PROBLEM TO WORK ON :: Output all entries exactly; images excluded.

** Opening INPUT DATA block **

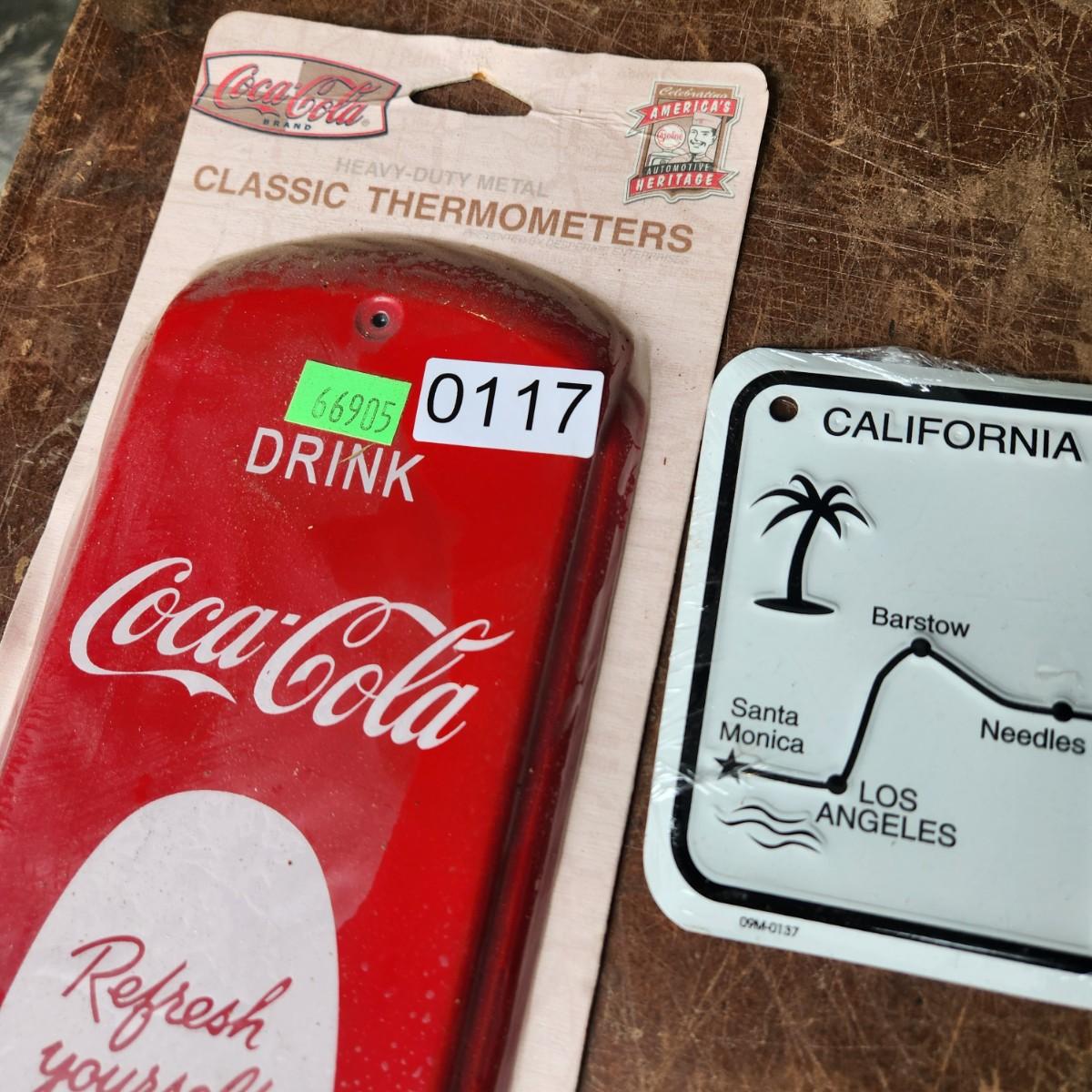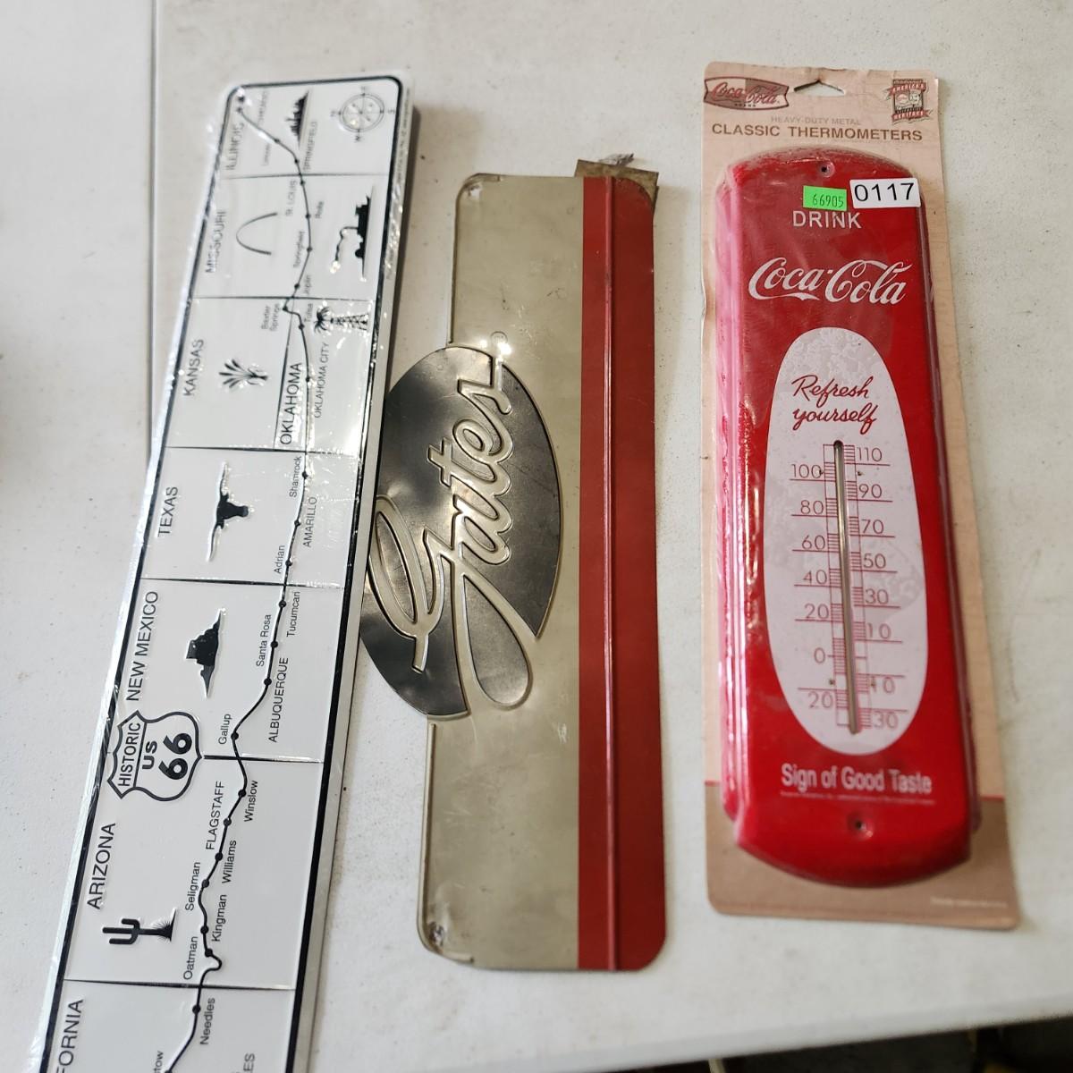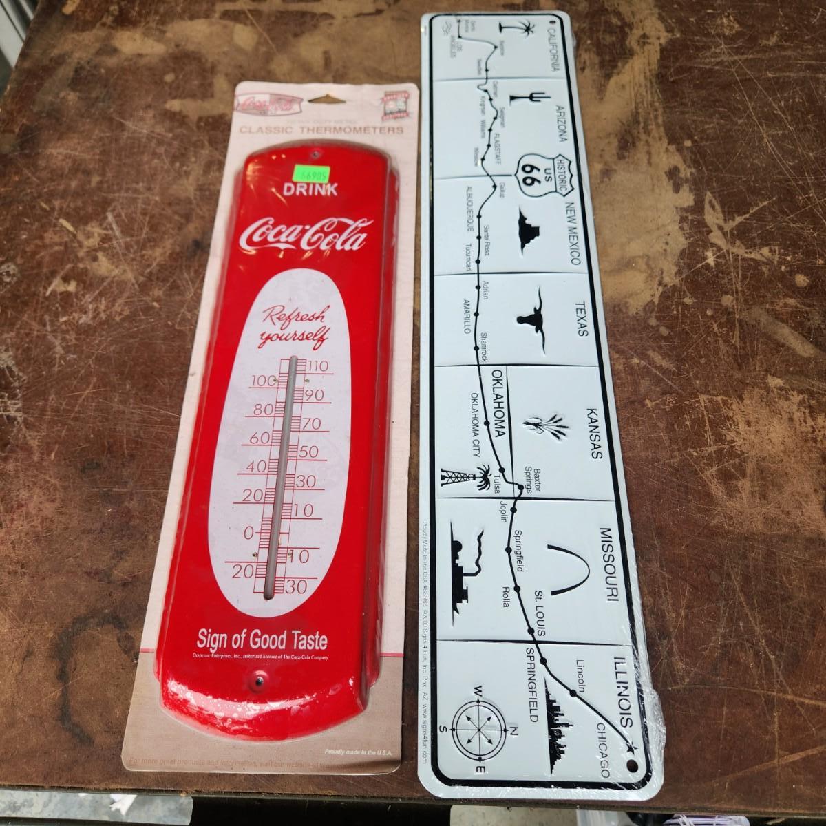Lot of 3 Signs Gates, Coca-Cola Thermometer, Route 66
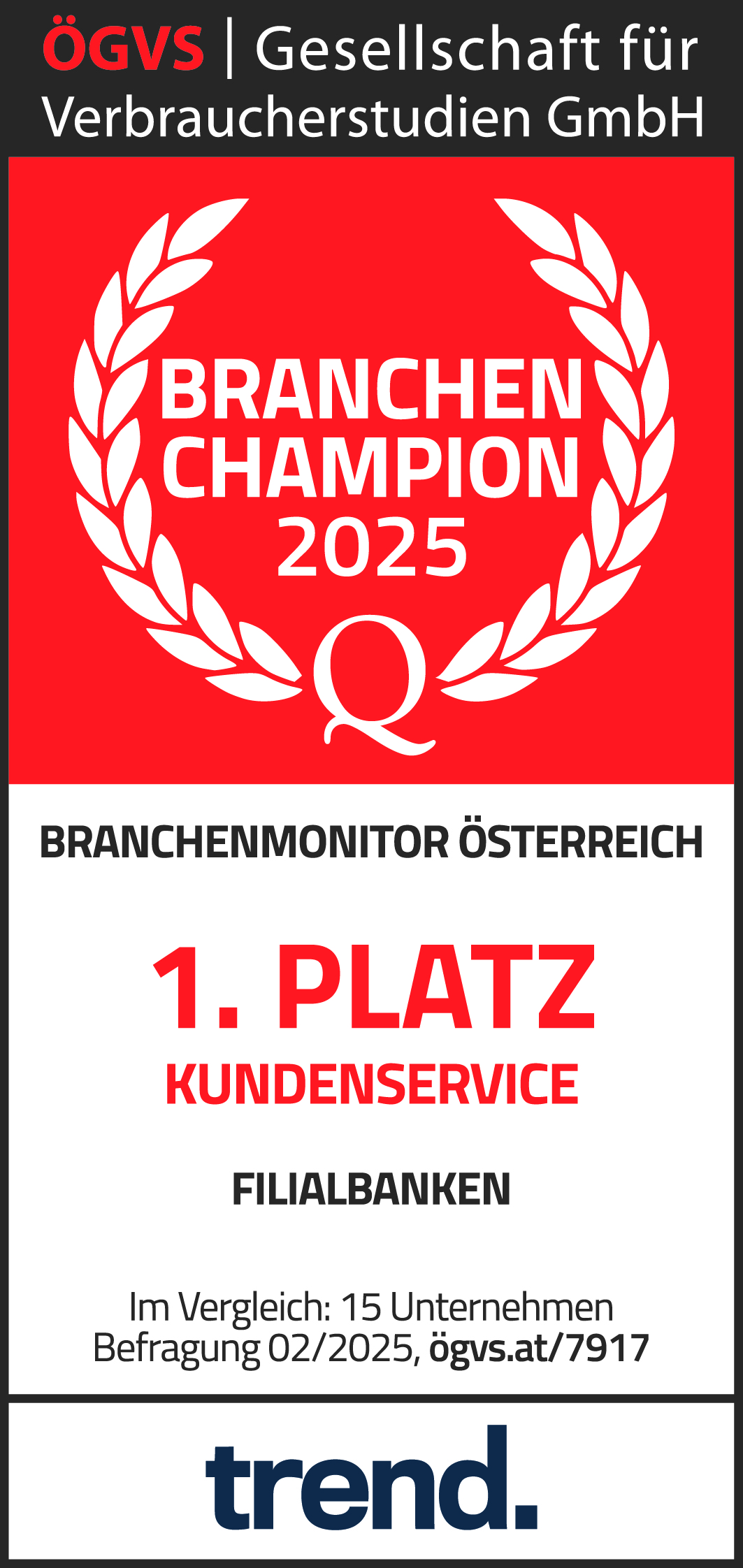 ÖGVS-Auszeichnung: Branchen-Champion 2025 | 1. Platz Kundenservice Filialbanken
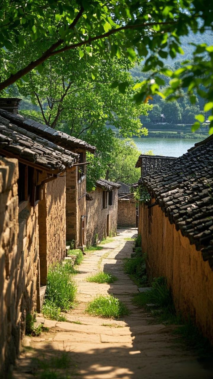 古旧的木屋,瓦檐下 屏∫ ,"福"字添了几分喜庆
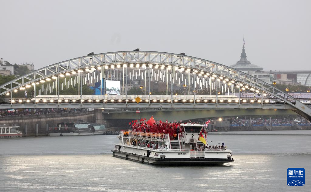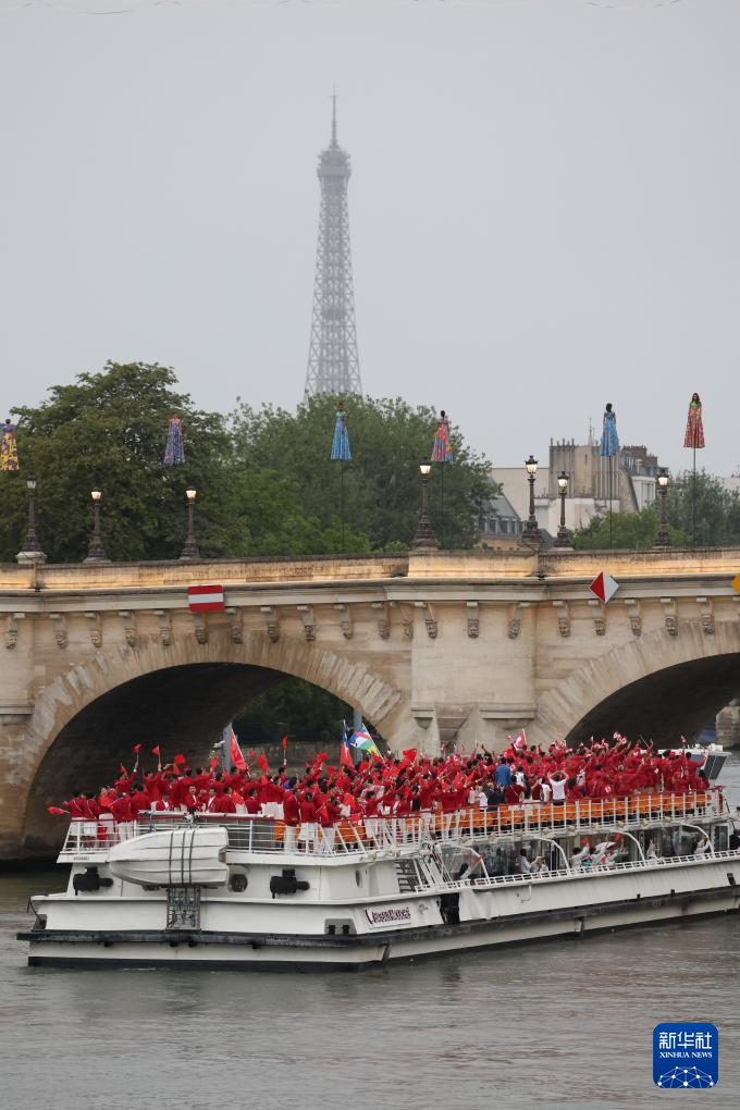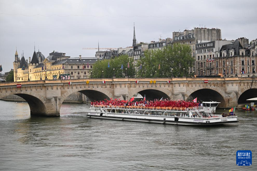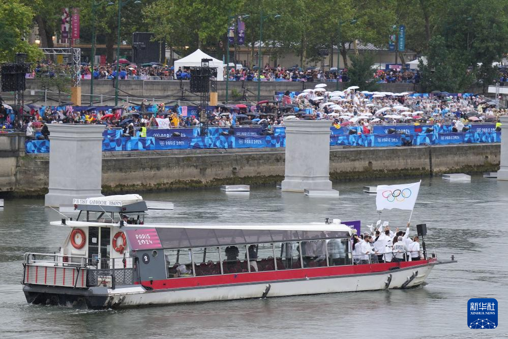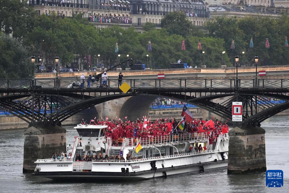 7月26日,各代表團成員在開幕式上抵達耶拿橋。新華社發(fā)(POOL照片/盧多維克·馬林)
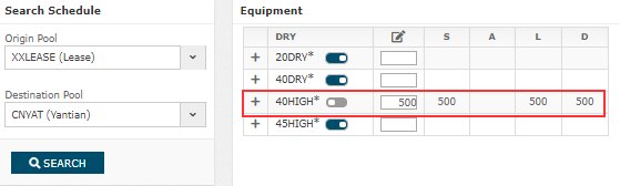 - Mapping of each equipment number to the ROCK Equipment Groups - e.g. "40HIGH*" (see RKEM Mapping)
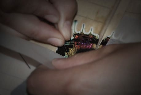 Kylea Borges, our instructor, starts up by introducing us to the shiny green Chrysochroa opulenta beetles and quickly runs through the steps of soaking and carefully arranging them with about a thousand tiny pins. I’m worried — it looks a little more complicated than expected. As she passes them out I am crossing my fingers that mine comes with sturdy parts. She warns us that they may be a little stinky.
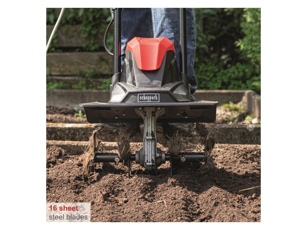 Elektrický kultivátor Scheppach MTE 380 je ideálnym nástrojom na prípravu pôdy pred výsadbou, kyprenie pôdy, plytčenie pôdy po rytí, zapracovanie hnojiva, kompostu alebo rašeliny do pôdy.Vďaka kompaktným rozmerom je vhodný na menšie záhony alebo na prípravu pôdy v skleníkoch.
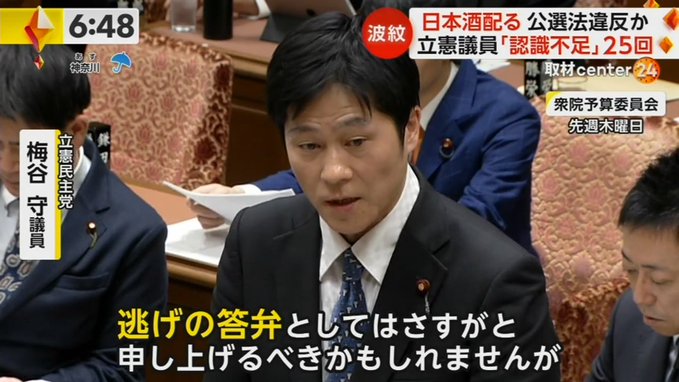 【日本酒疑惑】立憲・梅谷議員、同じ単語リピートで壊れた模様 先週は政府に対して「逃げの答弁はさすが」と息巻いていた模様
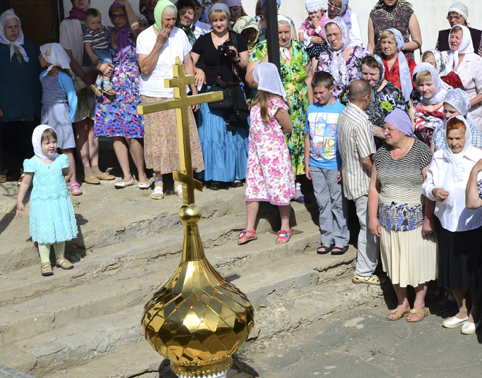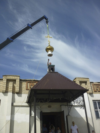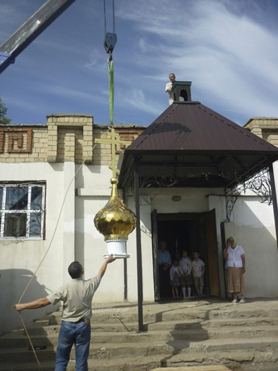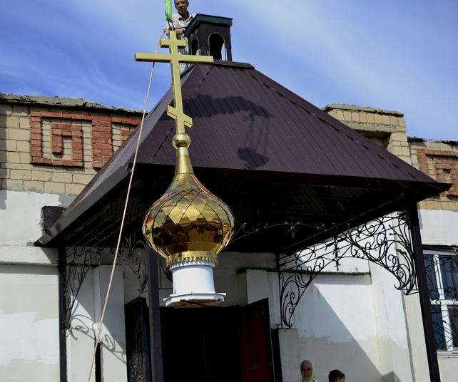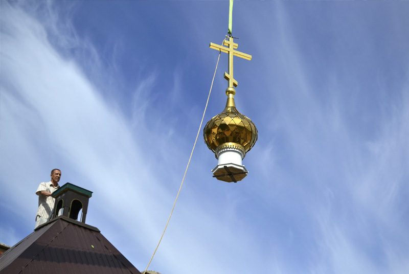 Но и еще одно событие произошло в этот день. С помощью Божией, благодаря щедрому дару прихожанина, здание храма обрело золотой купол и крест.
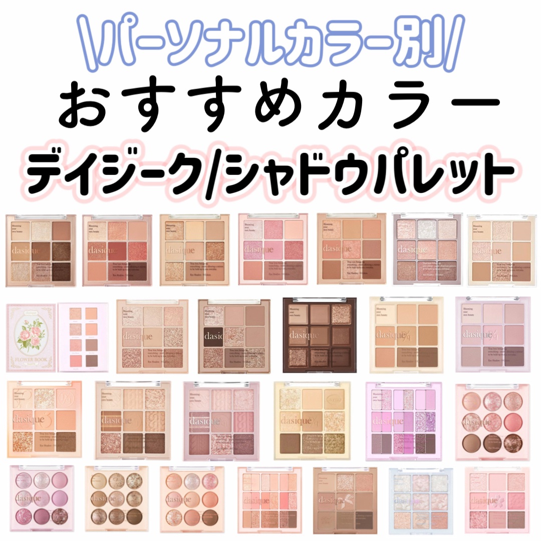 デイジークって他のよりちょっと高いからあこがれのパレットかも🤭まだ1個も持ってないから欲しいんだ! 一応イエベ春secondブルベ夏のイエベ度ブルベ度50%の人なんだけど、ほんとにニュートラルなピンクとかちょっと青みっぽいピンクが好きだから今回のロマンティックブロッサムめっちゃ気になってるの🫶🏻💗 ̖́-
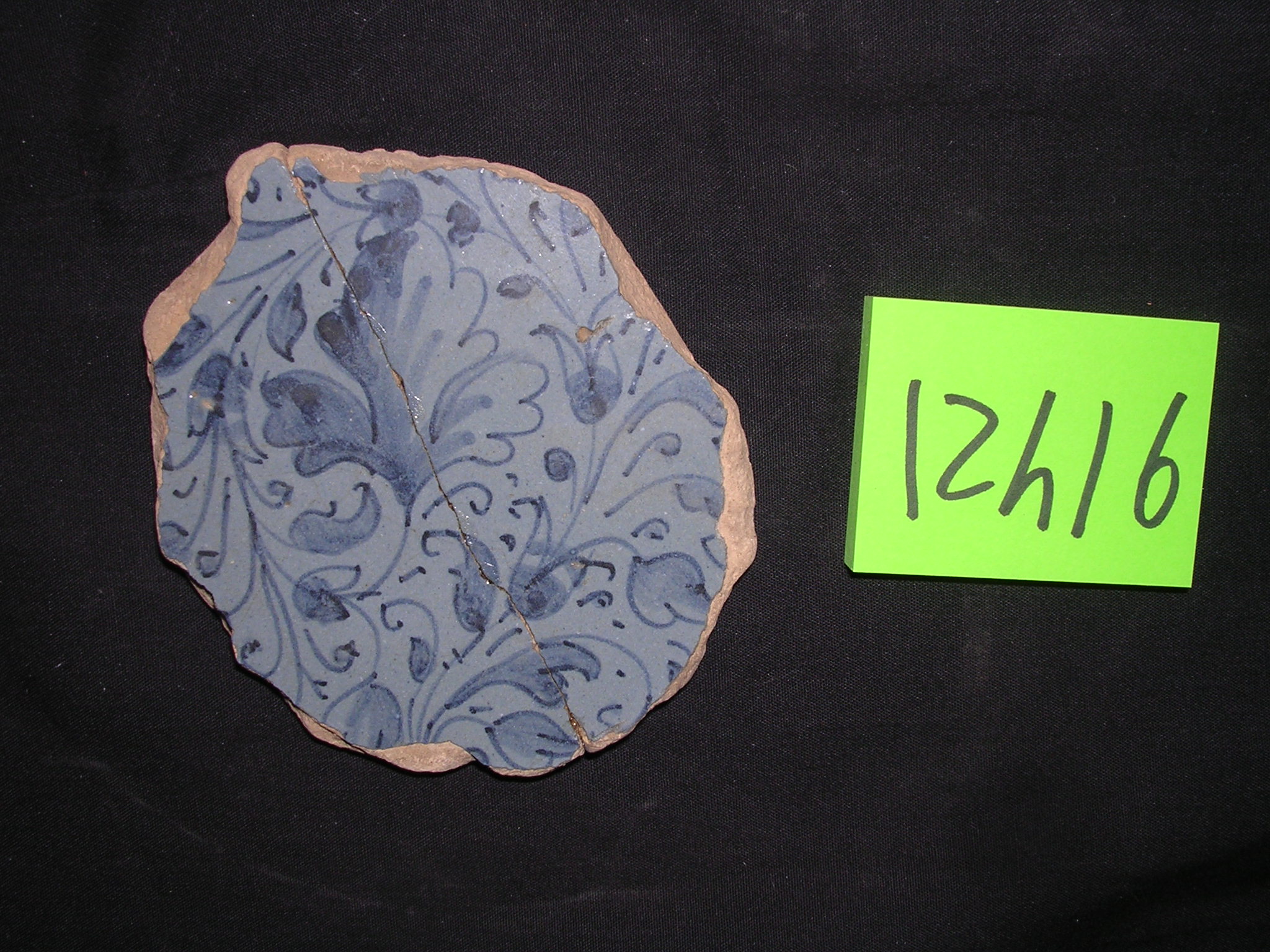 Fondo di piatto, composto di due frammenti, con ornato floreale. Su smalto berettino chiaro, racemi con campanule, foglioline e foglia di prezzemolo, dipinte di blu. Piede con sottile cercine

** Closing INPUT DATA block **

SOLUTION FOR THIS PROBLEM ::
Lot of 3 Signs Gates, Coca-Cola Thermometer, Route 66
 ÖGVS-Auszeichnung: Branchen-Champion 2025 | 1. Platz Kundenservice Filialbanken
 古旧的木屋,瓦檐下 屏∫ ,"福"字添了几分喜庆
 7月26日,各代表團成員在開幕式上抵達耶拿橋。新華社發(fā)(POOL照片/盧多維克·馬林)
 - Mapping of each equipment number to the ROCK Equipment Groups - e.g. "40HIGH*" (see RKEM Mapping)
 Kylea Borges, our instructor, starts up by introducing us to the shiny green Chrysochroa opulenta beetles and quickly runs through the steps of soaking and carefully arranging them with about a thousand tiny pins. I’m worried — it looks a little more complicated than expected. As she passes them out I am crossing my fingers that mine comes with sturdy parts. She warns us that they may be a little stinky.
 Elektrický kultivátor Scheppach MTE 380 je ideálnym nástrojom na prípravu pôdy pred výsadbou, kyprenie pôdy, plytčenie pôdy po rytí, zapracovanie hnojiva, kompostu alebo rašeliny do pôdy.Vďaka kompaktným rozmerom je vhodný na menšie záhony alebo na prípravu pôdy v skleníkoch.
 【日本酒疑惑】立憲・梅谷議員、同じ単語リピートで壊れた模様 先週は政府に対して「逃げの答弁はさすが」と息巻いていた模様
 Но и еще одно событие произошло в этот день. С помощью Божией, благодаря щедрому дару прихожанина, здание храма обрело золотой купол и крест.
 デイジークって他のよりちょっと高いからあこがれのパレットかも🤭まだ1個も持ってないから欲しいんだ! 一応イエベ春secondブルベ夏のイエベ度ブルベ度50%の人なんだけど、ほんとにニュートラルなピンクとかちょっと青みっぽいピンクが好きだから今回のロマンティックブロッサムめっちゃ気になってるの🫶🏻💗 ̖́-
 Fondo di piatto, composto di due frammenti, con ornato floreale. Su smalto berettino chiaro, racemi con campanule, foglioline e foglia di prezzemolo, dipinte di blu. Piede con sottile cercine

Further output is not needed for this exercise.